Short Version
What does the SHCIDS_ALLFIELDS
flag of IShellFolder.CompareIDs mean?
Long Version
In Windows 95, Microsoft introduced the shell. Rather than assuming the computer is made up of files and folders, it is made up of an abstract namespace of items.
- rather than paths starting at the root of a drive (e.g.
C:\Documents & Settings\Ian
) - paths start at the root of the namespace (
Desktop
)
And in order to accommodate things that are not files and folders (e.g. network printers, Control Panel, my Android phone):
- you don't use a series of names separated by backslashes (e.g. C: \ Users \ Ian )
- you use pidls, a series of opaque blobs (e.g. Desktop This PC OS (C:) Users Ian)
PIDLs are opaque blobs, each blob only makes sense to the folder that generated it.
In order to extend (or use) the shell namespace, you implement (or call) an IShellFolder interface.
One of the methods of IShellFolder is used to ask a namespace extension to compare to ID Lists (PIDLs):
IShellFolder::CompareIDs method
Determines the relative order of two file objects or folders, given their item identifier lists.
HRESULT CompareIDs( [in] LPARAM lParam, [in] PCUIDLIST_RELATIVE pidl1, [in] PCUIDLIST_RELATIVE pidl2 );
For many years, the LPARAM
was documented to nearly always be 0. From shlobj.h
c. 1999:
// IShellFolder::CompareIDs(lParam, pidl1, pidl2)
// This function compares two IDLists and returns the result. The shell
// explorer always passes 0 as lParam, which indicates "sort by name".
// It should return 0 (as CODE of the scode), if two id indicates the
// same object; negative value if pidl1 should be placed before pidl2;
// positive value if pidl2 should be placed before pidl1.
And so you compared two ID Lists - whatever it meant to compare them, and we were done.
Windows 2000 added additional sorting option flags
Starting with Version 5 of the shell, the upper 16-bits of the LPARAM
can now contain additional flags to control how the IShellFolder should handle sorting.
From ShObjIdl.idl
c. the Windows 8.1 SDK:
// IShellFolder::CompareIDs lParam flags
// *these should only be used if the folder supports IShellFolder2*
//
// SHCIDS_ALLFIELDS
//
// only be used in conjunction with SHCIDS_CANONCALONLY or column 0.

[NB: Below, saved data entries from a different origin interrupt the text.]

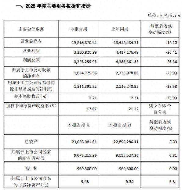 3月10日盘后配资指数网官网,陕西煤业(601225)发布2025年度业绩快报。快报显示,公司2025年营业总收入为1581.89亿元,同比下降14.10%;利润总额322.83亿元,同比减少26.36%;归属于上市公司股东的净利润165.48亿元,同比减少25.99%。
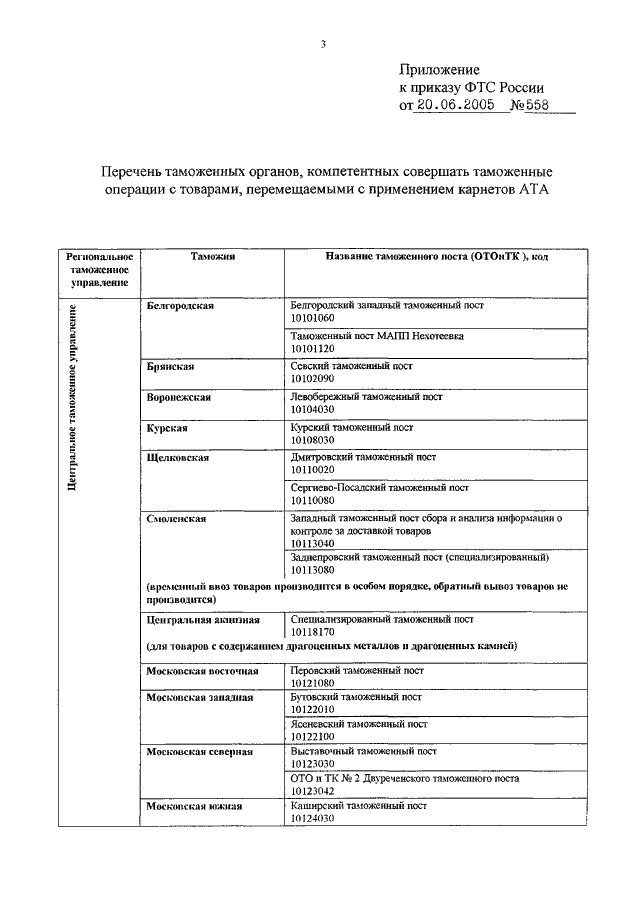 ПРИКАЗ ФТС РФ от 20.06.2005 N 558
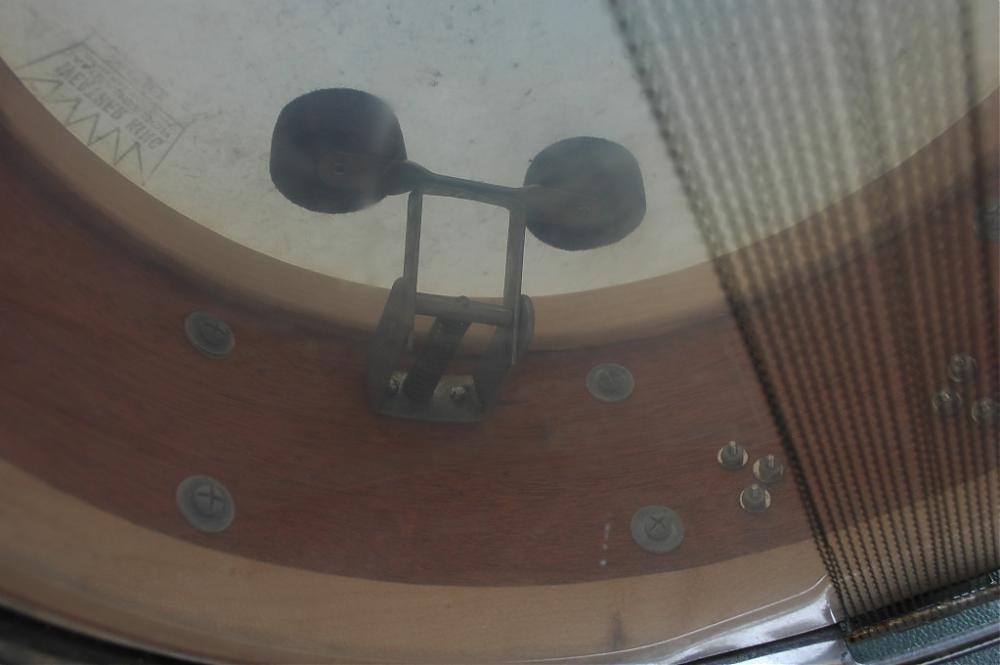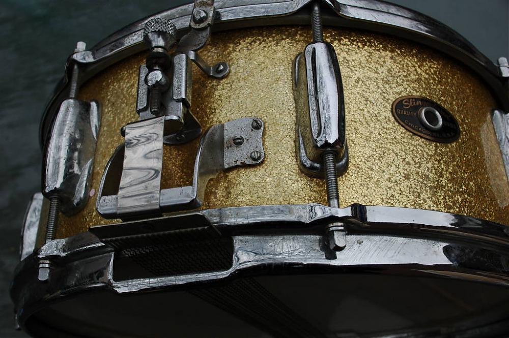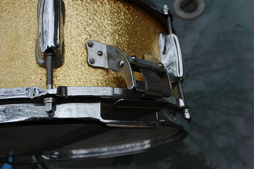 I've recently become a Slingerland junkie and I'm trying to I.D. my latest snare but having trouble. It is 14 by 5 1/2 (8 lug)in orange sparkling pearl. The shell is 3 ply with 1" maple rerings(mahogany/poplar/mahogany I think). The throw looks to be a 3 point with everything in tact The snare wires extend out the rims. It is stamped 28 Nov 1960 inside the shell along with the "P". I checked the catalogue from that era and it seems to look alot like the radio king but obviously it can't be due to the 3 ply shell. (did they ever make a 3 ply RK?) The badge is correct for 1960. There are no extra holes and a little wear on the snare bed. I don't think they had a Radio King in 1960 so any ideas on what this model is?

// This flag requests that the folder test for *pidl identity*, that is
// "are these pidls logically the same". This implies that cached fields
// in the pidl that would distinguish them should be tested.
// Without this flag, you are comparing the *object* s the pidls refer to.
//
// SHCIDS_CANONICALONLY
//
// This indicates that the sort should be *the most efficient sort possible*, the implication
// being that the result will not be displayed to the UI: the SHCIDS_COLUMNMASK portion
// of the lParam can be ignored. (Before we had SHCIDS_CANONICALONLY
// we assumed column 0 was the "efficient" sort column.)

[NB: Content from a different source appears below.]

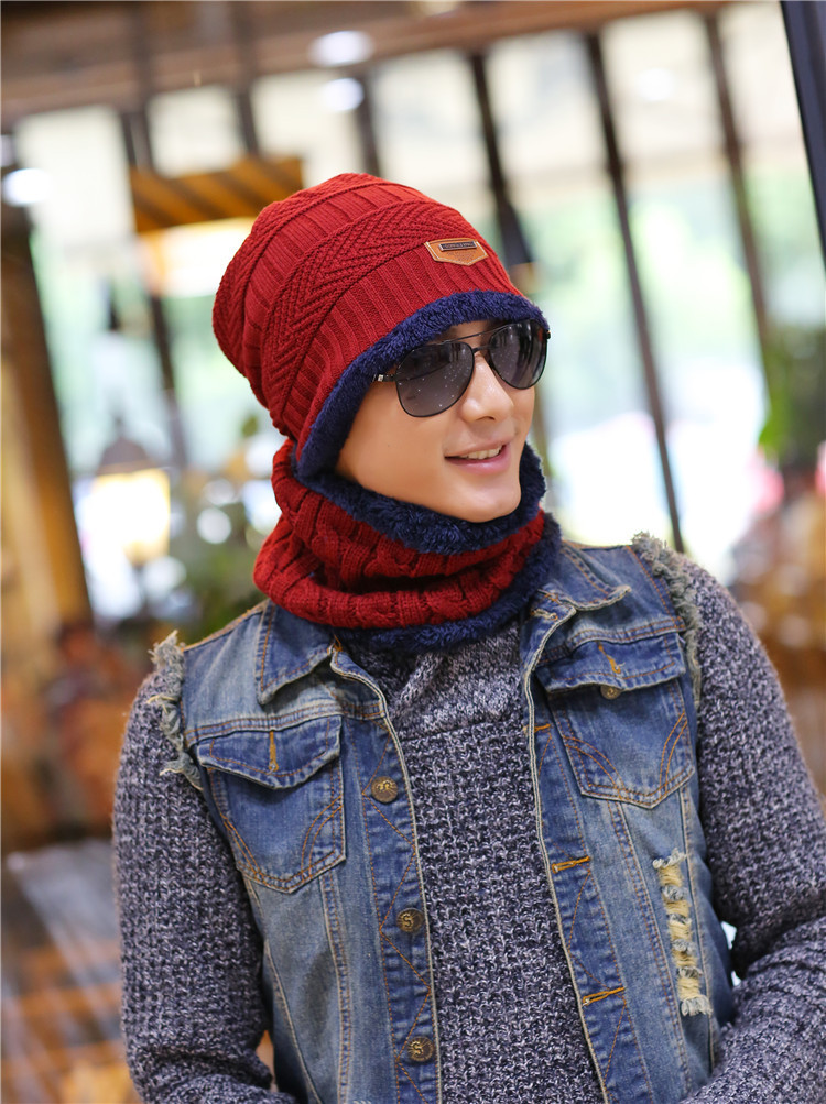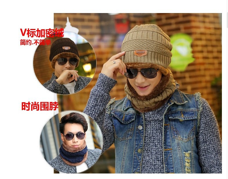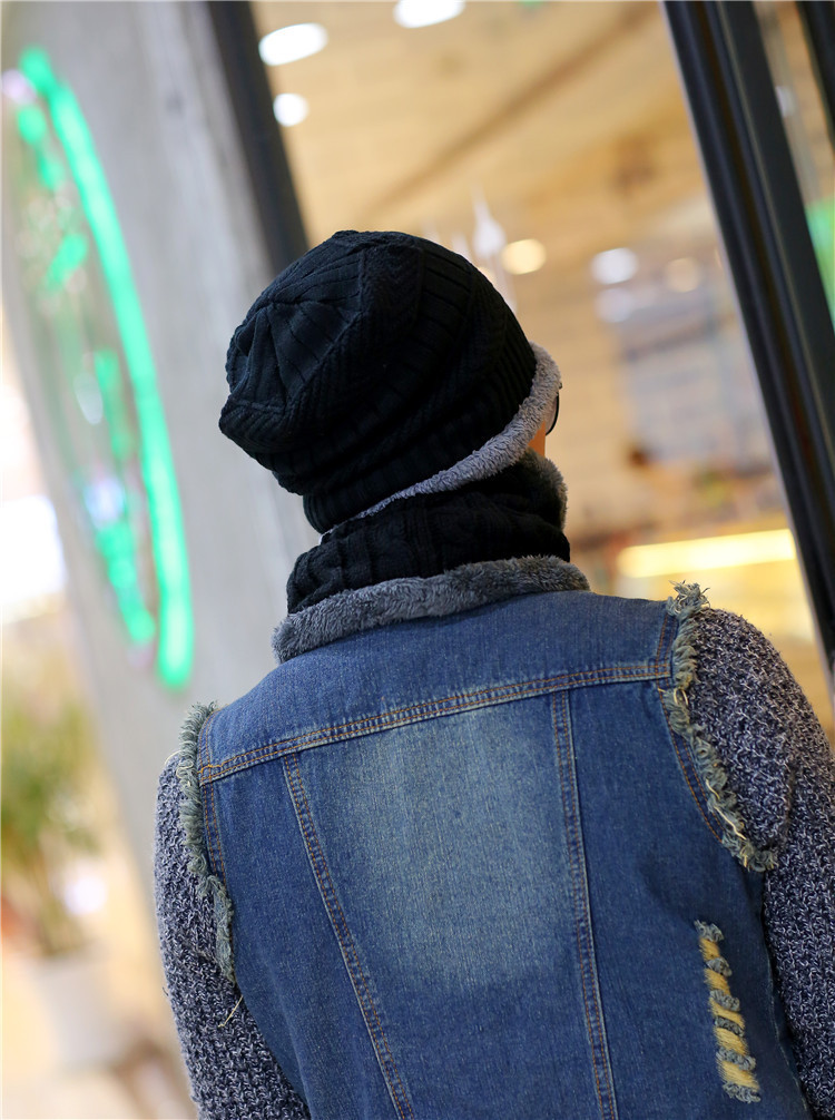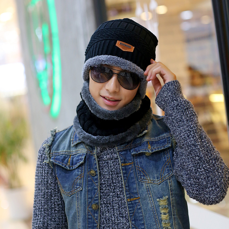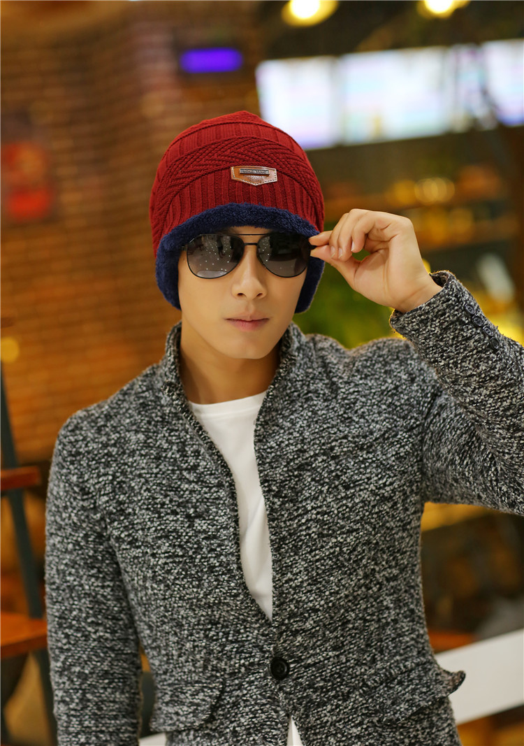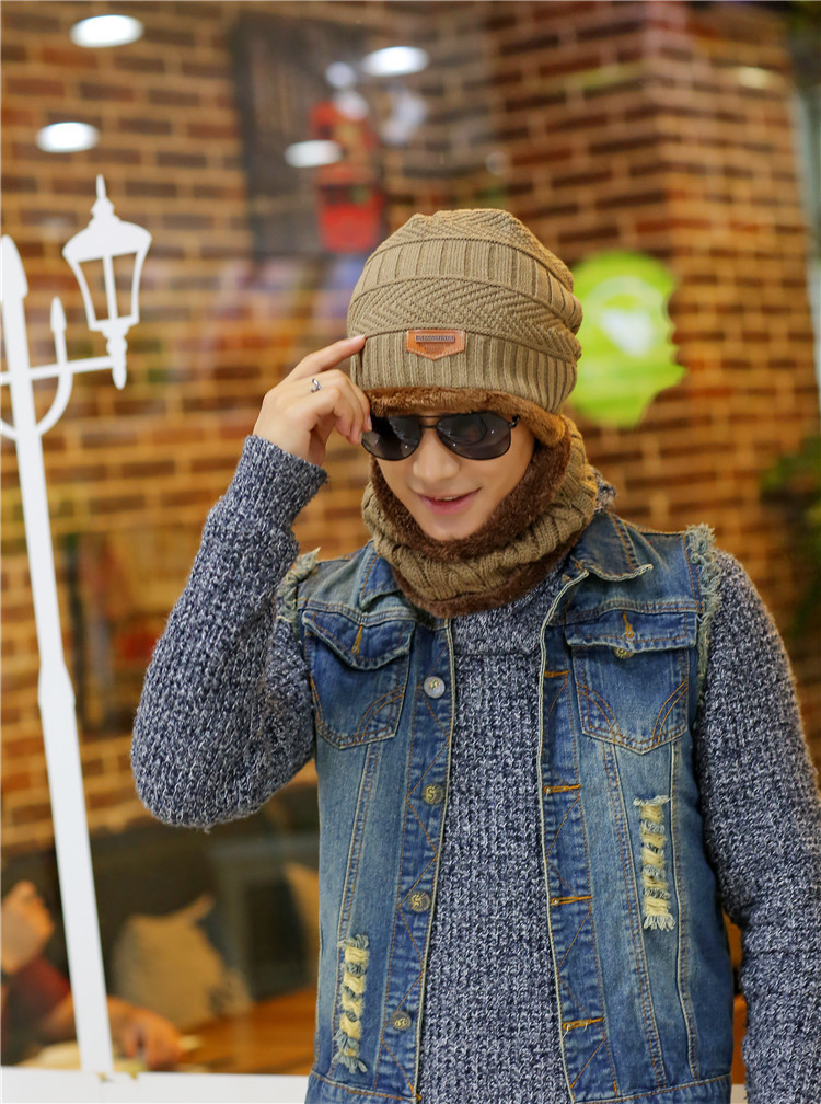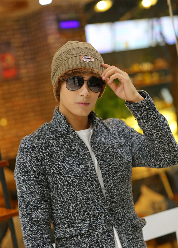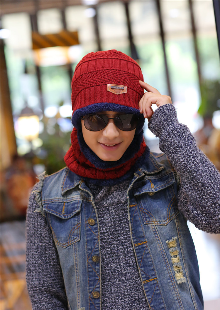 【针织帽男】冬季韩版毛线帽 加绒保暖针织帽套头帽男 男士围脖帽子潮

Note the important points here:
- SHCIDS_CANONICALONLY is meant to be the fastest most efficient sort we have
- and it doesn't have to be logical from a UI usability perspective; it just has to be consistent
As Raymond Chen pointed out, it's the moral equivalent of a Unicode ordinal comparison.
The header file even notes that we used to just assume column 0 was the "fastest" sort. But now we will use a flag to say "use the fastest sort available":
Before we had
SHCIDS_CANONICALONLY
we assumed column 0 was the "efficient" sort column.
It also notes that you can ignore the lower 16-bits of LPARAM (i.e. the column), because we don't care - we're using the most efficient one.
A lot of this is mirrored in the official documentation:
SHCIDS_CANONICALONLY
Version 5.0. When comparing by name, compare the system names but not the display names. When this flag is passed, the two items are compared by whatever criteria the Shell folder determines are most efficient, as long as it implements a consistent sort function. This flag is useful when comparing for equality or when the results of the sort are not displayed to the user. This flag cannot be combined with other flags.
But with SHCIDS_ALLFIELDS we start to run off the rails
The header file notes that AllFields can only be combined with CanonicalOnly:
only be used in conjunction with SHCIDS_CANONCALONLY or column 0.
But the SDK says that CanonicalOnly must appear alone:
This flag cannot be combined with other flags.
So which is it?
We could decide that the header file is wrong, that the SDK is cannon, and do what it says.
But what is AllFields saying?
There is some concept that AllFields is trying to ask for, but is obscured behind the documentation.
Compare all the information contained in the ITEMIDLIST structure, not just the display names.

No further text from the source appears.